Entry Copyright © 1995, 2002 New England Publishing Associates
Dorothy Thompson (9 July 1893 – 30 January 1961) was an American journalist and radio broadcaster, who in 1939 was recognized by Time magazine as the second most influential woman in America next to Eleanor Roosevelt. She is notable as the first American journalist to be expelled from Nazi Germany in 1934 and as one of the few women news commentators on radio during the 1930s. Many fondly referred to her as the “First Lady of American Journalism.”
Thompson had a number of affairs with women, including German writer Christa Winsloe (Winsloe joined the French Resistance and with a woman companion, she was shot and killed by four Frenchmen in a forest near the country town of Cluny on June 10, 1944) and Gertrude Van Vranken Franchot Tone (16 Nov 1876, Titusville, Crawford, PA - 16 Apr 1953, Los Angeles Co, CA), mother of actor Franchot Tone.
She was married three times, most famously to second husband and Nobel Prize in literature winner Sinclair Lewis. Thompson married Sinclair Lewis in 1928 and acquired a house in Vermont. They had one son, Michael Lewis, born in 1930. The couple divorced in 1942. In 1923 she married her first husband, Hungarian Joseph Bard; they divorced in 1927. She married her third husband, the artist Maxim Kopf, in 1945, and they were married until Kopf's death in 1958.

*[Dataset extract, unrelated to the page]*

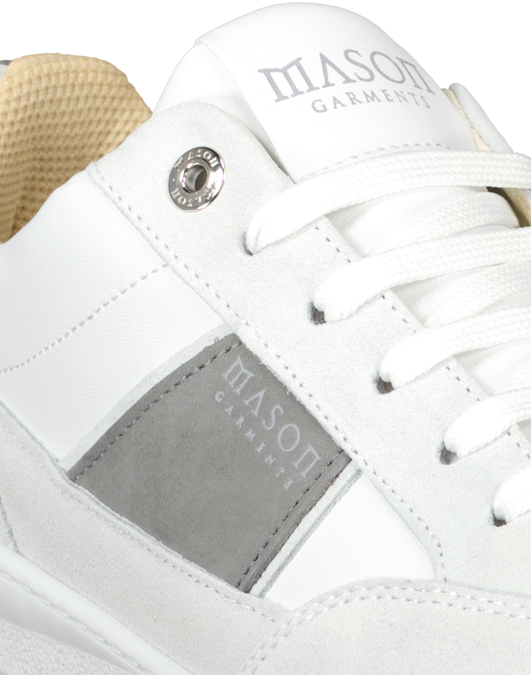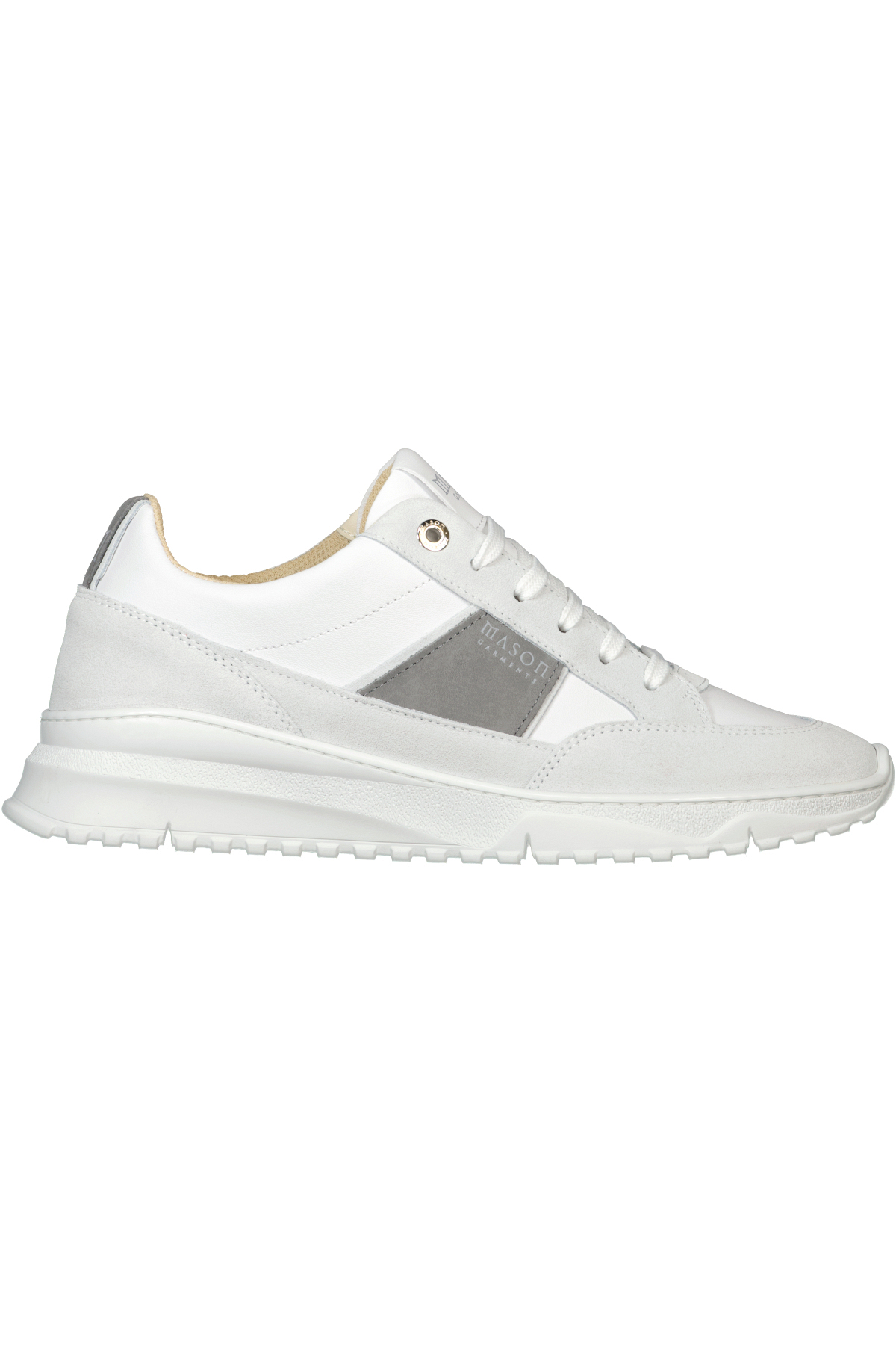 Wit met grijze schoenen model Tia Runner van Mason Garments. Deze geavanceerde versie van de iconische Tia Sneaker legt de nadruk op prestaties met een licht, ademend bovenwerk, heeft een strak design ondersteund door een ergonomisch schuimzool. De schoen heeft een op maat gemaakte rubberen buitenzool, zachte mesh binnenvoering en is gemaakt van duurzaam geproduceerde materialen. Handgemaakt in Italië.

Dorothy Thompson was born in Lancaster, New York, in 1894 to Margaret and Peter Thompson. Margaret died when Dorothy was seven (in 1901), leaving Peter, a Methodist preacher, to raise his daughter alone. Peter soon remarried, but Dorothy did not get along with his new wife, Elizabeth Abbott Thompson. In 1908, Peter sent Dorothy to Chicago to live with his two sisters to avoid further conflict. Here, she attended Lewis Institute for two years before transferring to Syracuse University as a junior. At Syracuse, she studied politics and economics and graduated with a degree in 1914. Because she had the opportunity to be educated, unlike many women of the time, Thompson felt strongly that she had a social obligation to fight for women's suffrage in the United States, which would become the base of her ardent political beliefs. Shortly after graduation, Thompson moved to Buffalo, New York and became involved in the women's suffrage campaign. She worked there until 1920, when she went abroad to pursue her journalism career.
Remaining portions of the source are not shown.